Analysis Two: Evaluation


This has been the underlying question behind all of my work thus far. The documentation of my online activity answered what I do with online media, but didn’t come close to demonstrating everything that can be done, or critically analysing this use. Through documenting my online media use it became apparent that there was a clear distinction between what I published online for a private audience: for family, friends and people that I know, and what I published for a wider public network of people. This difference is clear by comparing my usage and authoring on Facebook and my private Twitter account, with that of Instagram.

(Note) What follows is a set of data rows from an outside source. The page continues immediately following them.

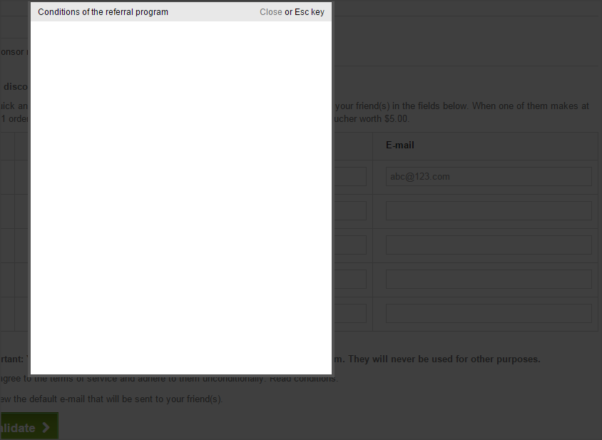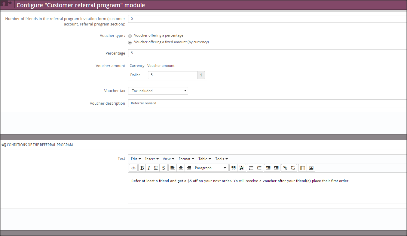 misu3108 Posted December 16, 2014 Share Posted December 16, 2014 I have setup the Referral Program set the text in BO like : "Refer at least a friend and get a $5 off on your next order" But no text shows for read conditions link or even the email preview. They are blank. Tried to uninstall and reinstalled the module but with no success. Anyone knows how to fix this? 1 Link to comment Share on other sites More sharing options...
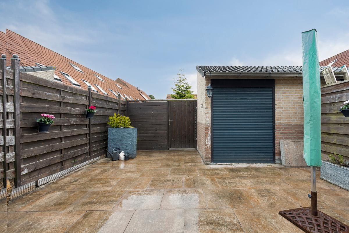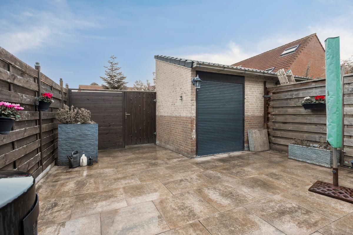 In de achtertuin staat een vrijstaande stenen schuur v.v. elektra en rolluik.
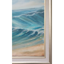 Praca oprawiona w prostą z dystansem do płótna ramę, o kolorze szampańskiego złota.
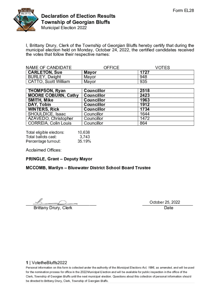 Form EL28Declaration of Election Results Township of Georgian Bluffs Municipal Election 2022I, Brittany Drug, Clerk of the Township of Georgian Bluffs hereby certify that during the municipal election

For example, through my documentation on day four, I focused solely on my use of Twitter. For some, this SNS (Social Networking Site) is public, however, I use mine in a more personal way, with less followers than Instagram for example, and hardly any that I don’t know. I post frequently, using casual language, sometimes personal topics and as a method of communication. It could be reasoned that I post less personal information on Instagram as means of privacy; I don’t want to share my personal information with thousands of people. On the other hand, it may have more to do with my personal online image. The constructed and heavily edited feed I have presented could be seen as a persona and how I want people, particularly that I don’t know, to see me.

I also learnt the ways in which I consume media, are often for habitual, mundane reasons that were essential for my day-to-day life, not just for entertainment and communication via social media like I expected. The existence of programs, software and websites, like the online Apple app for instance, is an aspect of online media that wouldn’t have existed 10 years ago. This looks at media and technology evolving to suit our needs, however, comparing this to SNSs like Instagram, where it is the norm to post photos of food and check in on Facebook when you go almost anywhere, could suggest that perhaps our own activities are influenced by the media and technology available to us.This can be looked at through a number of theoretical frameworks discussed by Murphie and Potts (2003). Through a poststructuralist perspective, it is clear through this usage that culture and technology have a definitive effect on each other.


Murphie, S & Potts, J 2003, Culture and Technology. Palgrave Macmillan, New York.